═══ Record extracts

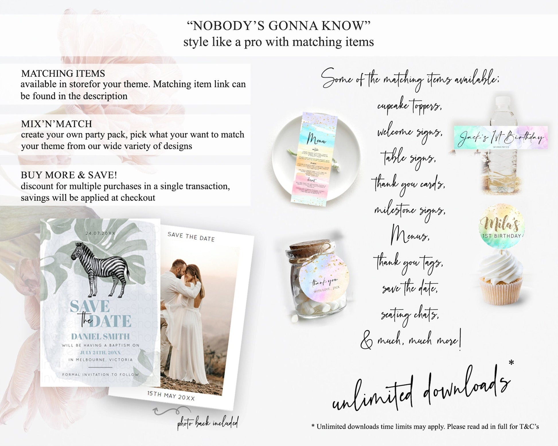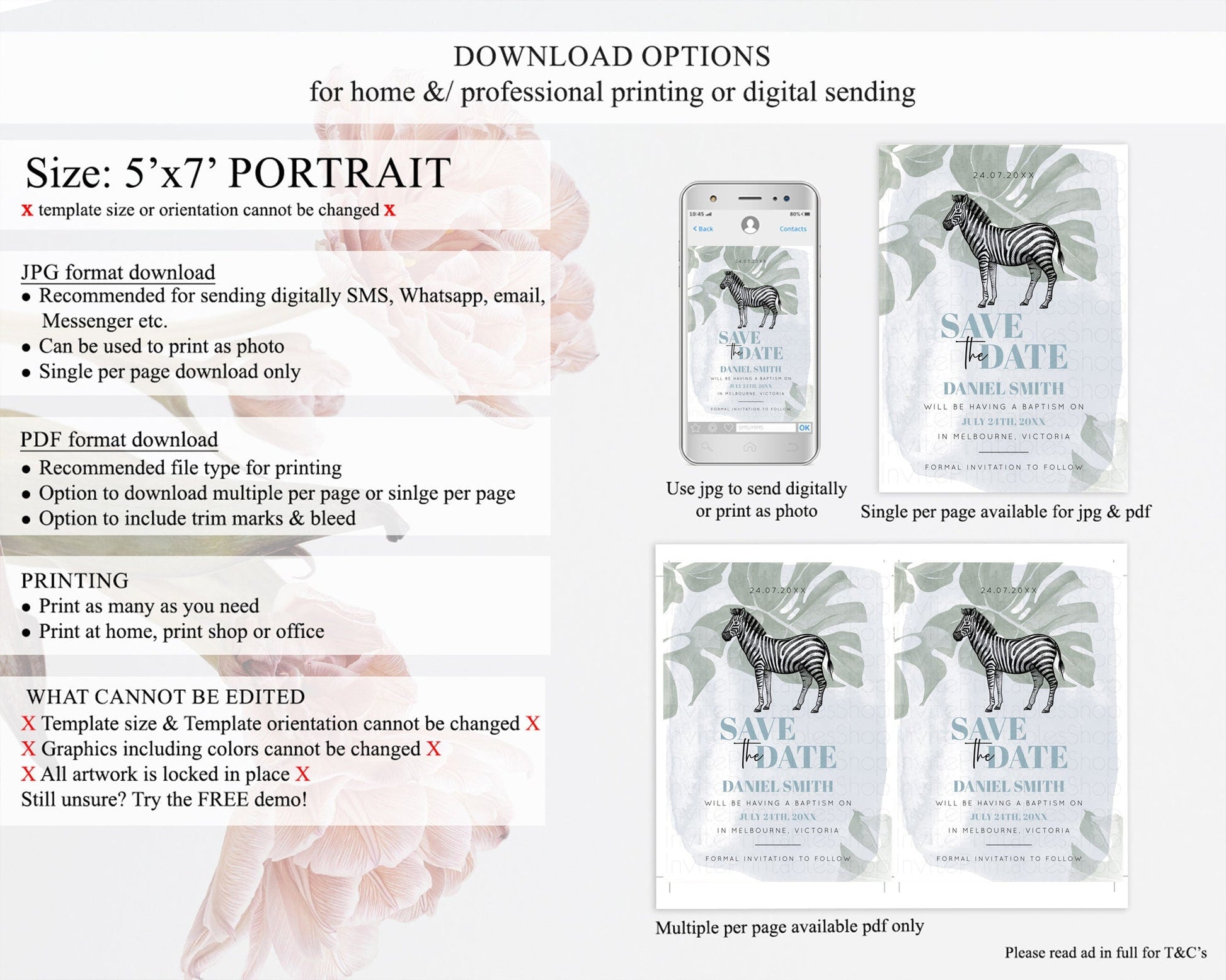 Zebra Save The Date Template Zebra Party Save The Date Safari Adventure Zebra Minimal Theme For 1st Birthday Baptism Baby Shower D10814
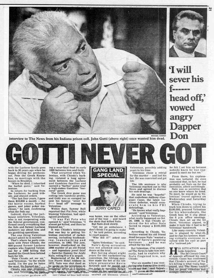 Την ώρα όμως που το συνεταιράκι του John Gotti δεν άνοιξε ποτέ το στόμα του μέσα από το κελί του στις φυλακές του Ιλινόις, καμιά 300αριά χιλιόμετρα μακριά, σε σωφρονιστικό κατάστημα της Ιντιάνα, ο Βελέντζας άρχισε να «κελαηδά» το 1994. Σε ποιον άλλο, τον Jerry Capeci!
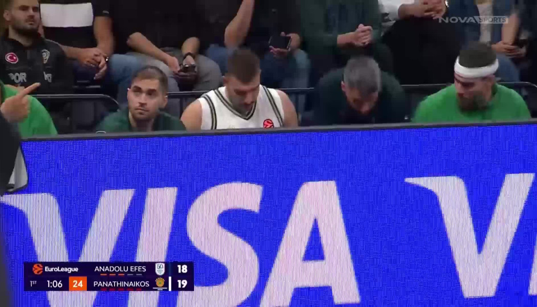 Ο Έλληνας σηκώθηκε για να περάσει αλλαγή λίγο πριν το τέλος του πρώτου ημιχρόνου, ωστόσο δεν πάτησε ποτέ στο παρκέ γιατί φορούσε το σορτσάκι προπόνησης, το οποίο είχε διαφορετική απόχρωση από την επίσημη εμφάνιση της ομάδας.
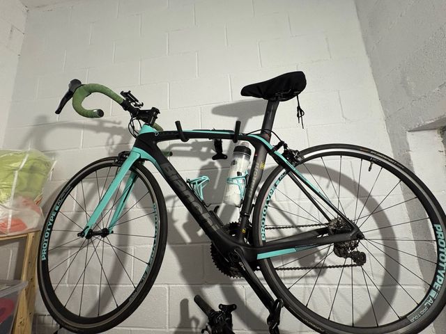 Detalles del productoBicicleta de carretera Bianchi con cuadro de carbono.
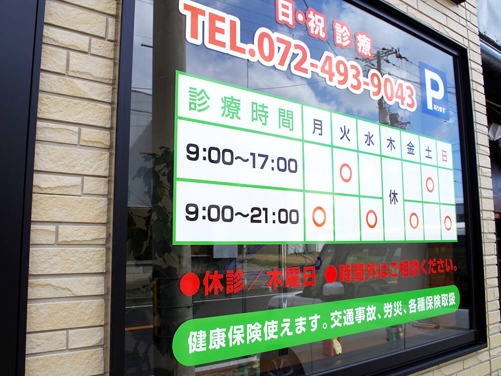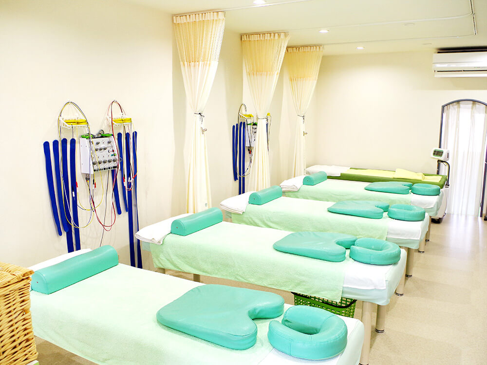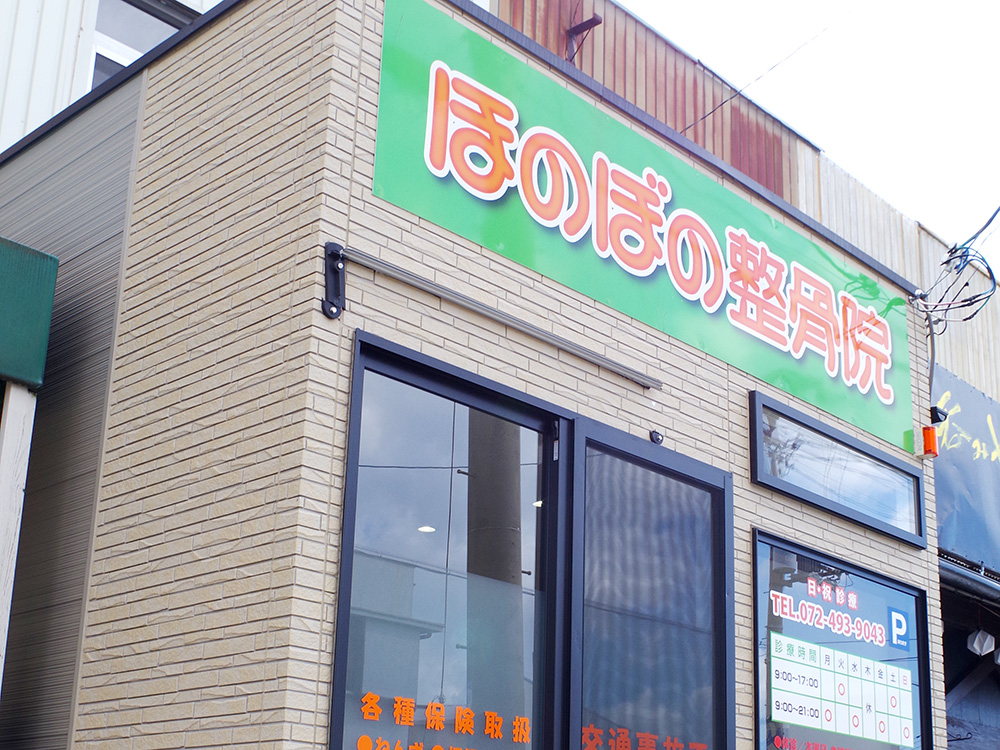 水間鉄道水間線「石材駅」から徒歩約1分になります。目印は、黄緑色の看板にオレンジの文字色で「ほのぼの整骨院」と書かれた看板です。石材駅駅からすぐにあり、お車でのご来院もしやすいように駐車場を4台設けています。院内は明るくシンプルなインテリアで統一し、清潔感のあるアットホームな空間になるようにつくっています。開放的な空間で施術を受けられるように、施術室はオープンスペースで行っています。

══════
═══ Record extracts

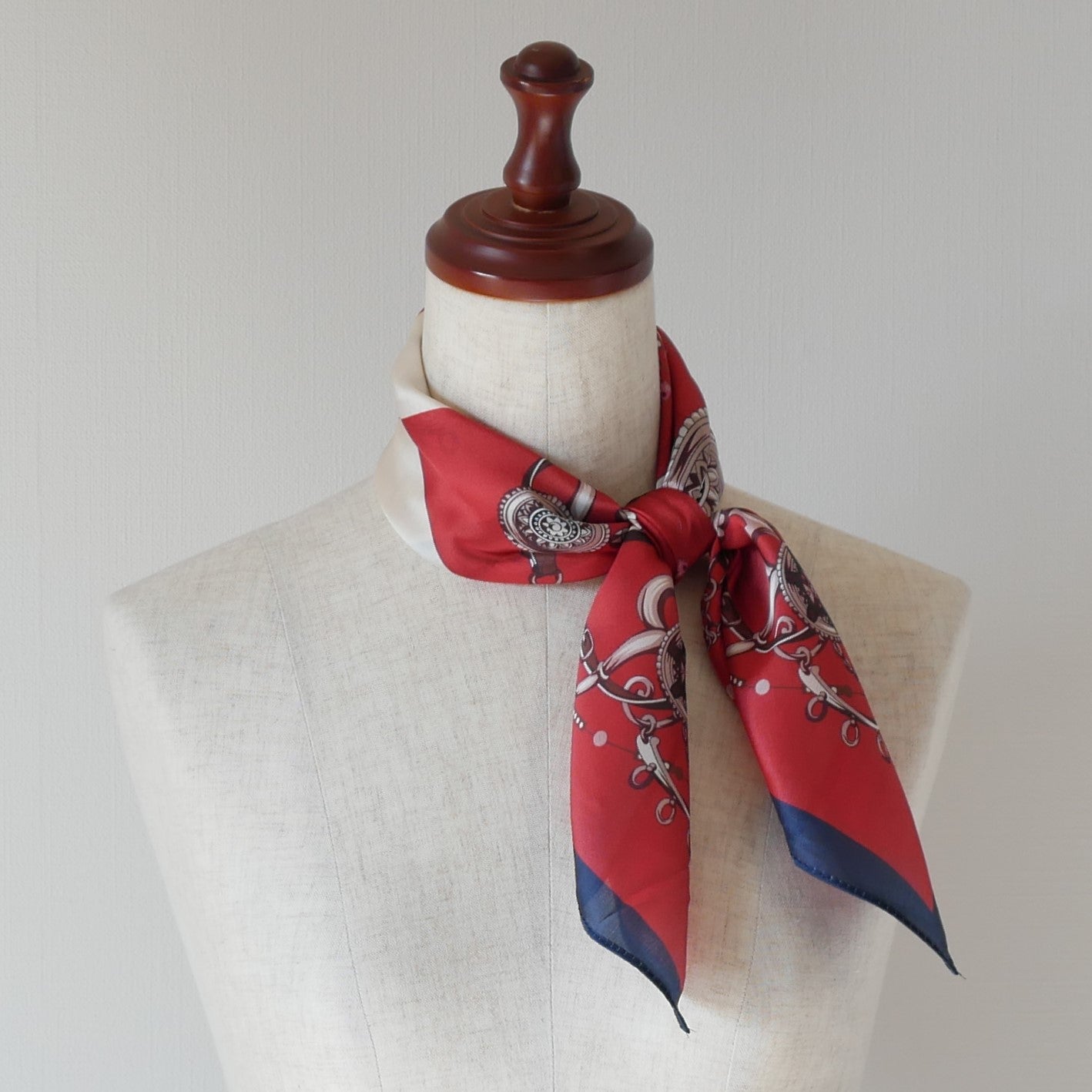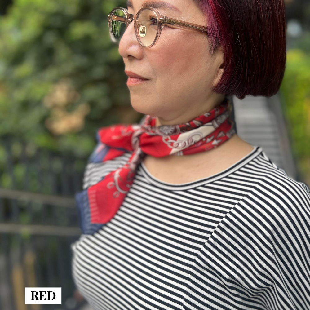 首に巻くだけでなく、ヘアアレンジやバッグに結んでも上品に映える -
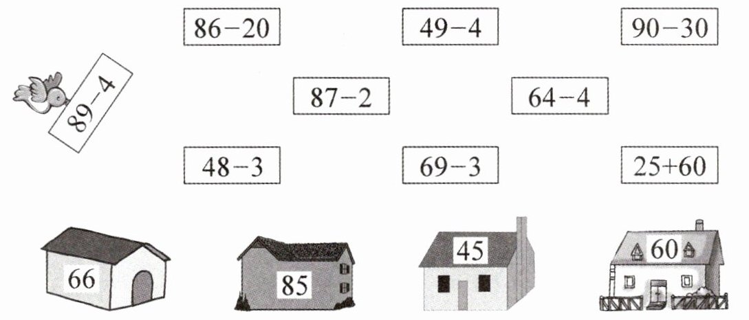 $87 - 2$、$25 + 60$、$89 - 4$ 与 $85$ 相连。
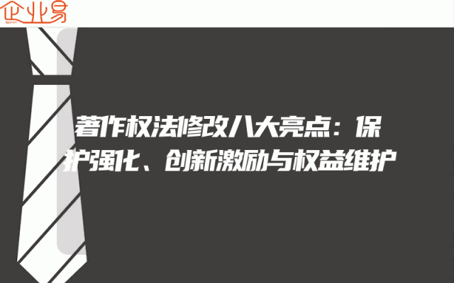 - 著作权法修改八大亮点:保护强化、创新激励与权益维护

══════
═══ Record extracts

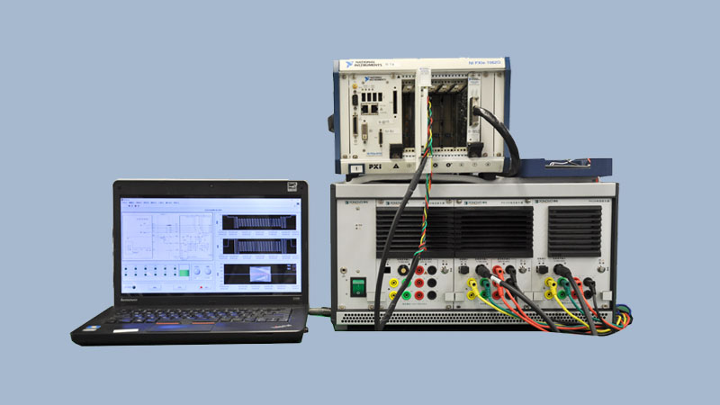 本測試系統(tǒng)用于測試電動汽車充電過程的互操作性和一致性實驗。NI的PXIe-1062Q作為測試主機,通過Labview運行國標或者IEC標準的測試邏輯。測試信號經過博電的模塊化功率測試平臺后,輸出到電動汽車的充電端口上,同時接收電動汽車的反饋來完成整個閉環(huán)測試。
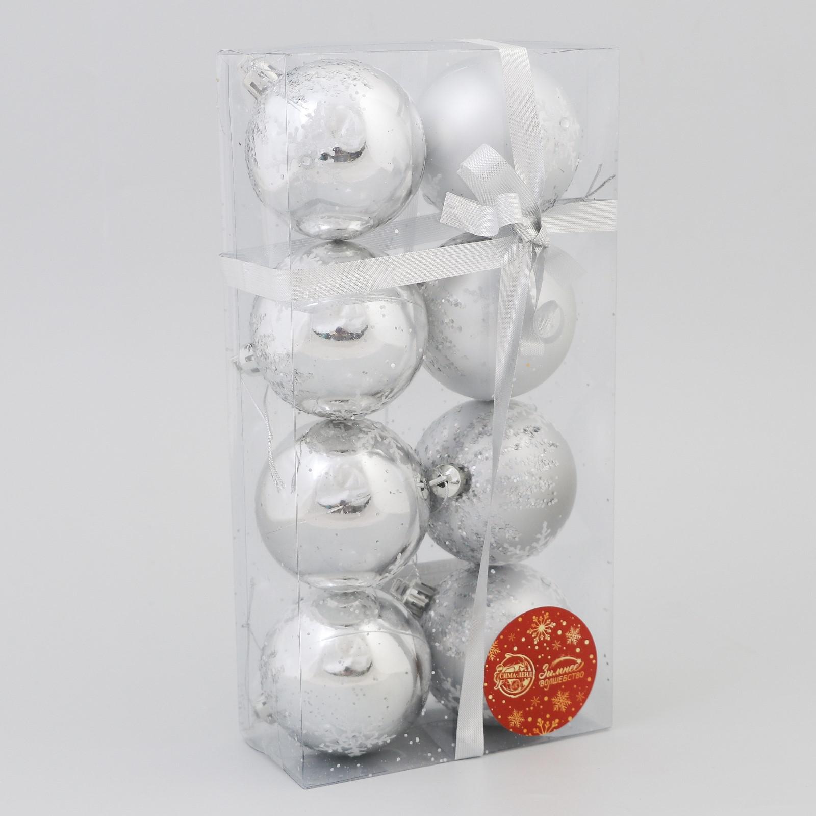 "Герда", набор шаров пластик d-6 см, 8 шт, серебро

══════

— About this exercise —
Out of the records above, please copy exactly the lines from the line with "Zebra Save The" up to and including the line with "Detalles del productoBicicleta", minus the pictures.

— Solution —
 Zebra Save The Date Template Zebra Party Save The Date Safari Adventure Zebra Minimal Theme For 1st Birthday Baptism Baby Shower D10814
 Την ώρα όμως που το συνεταιράκι του John Gotti δεν άνοιξε ποτέ το στόμα του μέσα από το κελί του στις φυλακές του Ιλινόις, καμιά 300αριά χιλιόμετρα μακριά, σε σωφρονιστικό κατάστημα της Ιντιάνα, ο Βελέντζας άρχισε να «κελαηδά» το 1994. Σε ποιον άλλο, τον Jerry Capeci!
 Ο Έλληνας σηκώθηκε για να περάσει αλλαγή λίγο πριν το τέλος του πρώτου ημιχρόνου, ωστόσο δεν πάτησε ποτέ στο παρκέ γιατί φορούσε το σορτσάκι προπόνησης, το οποίο είχε διαφορετική απόχρωση από την επίσημη εμφάνιση της ομάδας.
 Detalles del productoBicicleta de carretera Bianchi con cuadro de carbono.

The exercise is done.